Generally, this object is accomplished by the provision of a shingle having three layers, an outer or upper layer of ordinary composition roofing, a lower layer of any suitable material such as roofing felt, or "tarpaper", and a thick intermediate layer so constructed as to provide an air space between the upper and lower layers. The air space may be substantially closed or sealed, whereby to provide a dead-air-space type of insulation, or may be constructed to provide for free circulation of outdoor air between the upper and lower layers, whereby to provide a still better protection against heat transfer through the roof.
Another object is the provision of a shingle of the character described which is relatively stiff and resistant to bending or flexure thereof transversely to its plane, whereby to resist peeling or curling of the shingles by high wind. This stiffness is provided by the design and structure of the intermediate layer of the shingle.
A further object is the provision of a shingle of the character described which, despite its stiffness, will lie neatly and flatly on the roof even when they are applied in the usual overlapping pattern. This effect is provided by weakening the intermediate layer along selected lines.
A still further object is the provision of a shingle of the character described which does away with the necessity of applying a "dry-ply", usually a sheet of roofing felt, over the roofing boards before applying the shingles, as is customary. This effect is provided by forming the inner layer of the shingle itself of roofing felt, and extending it beyond the upper layer at one side of the shingle, so as to underlie the adjacent shingle in the same course of shingles as they are applied.
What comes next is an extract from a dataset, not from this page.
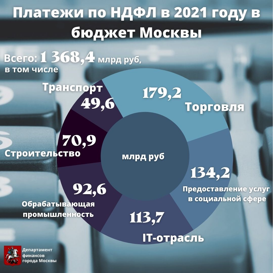 Одним из самых значимых доходных источников бюджета Москвы выступает налог на доходы физических лиц (НДФЛ). По итогам 2021 года доля НДФЛ в налоговых и неналоговых доходах бюджета достигла 42,8 процента.

Other objects are simplicity and economy of structure, and efficiency and dependability of operation.
With these objects in view, as well as other objects which will appear in the course of the specification, reference will be had to the accompanying drawing, wherein:
FIG. 1 is a face view of a roofing shingle embodying the present invention, with portions broken away,
FIG. 2 is an enlarged, fragmentary sectional view taken on line II--II of FIG. 1,
FIG. 3 is an enlarged sectional view taken on line III--III of FIG. 1,
FIG. 4 is an enlarged, fragmentary sectional view taken on line IV--IV of FIG. 3,
FIG. 5 is a fragmentary sectional view taken on line V--V of FIG. 4,
FIG. 6 is a fragmentary sectional view of a roof, taken along a line parallel to the slope thereof, showing a plurality of courses of the present shingles applied thereto,
FIG. 7 is a view similar to FIG. 1, showing a slight modification of structure, and
FIG. 8 is an enlarged, fragmentary sectional view taken on line VIII--VIII of FIG. 7.
Like reference numerals apply to similar parts throughout the several views, and the numeral 2 applies generally to a roofing shingle constructed according to the present invention. Said shingle is generally rectangular in shape, and for convenience one of the longer edges 4 thereof will be designated its upper edge, its opposite longer edge 6 will be designated its lower edge, and its shorter edges 8 will be designated its side edges.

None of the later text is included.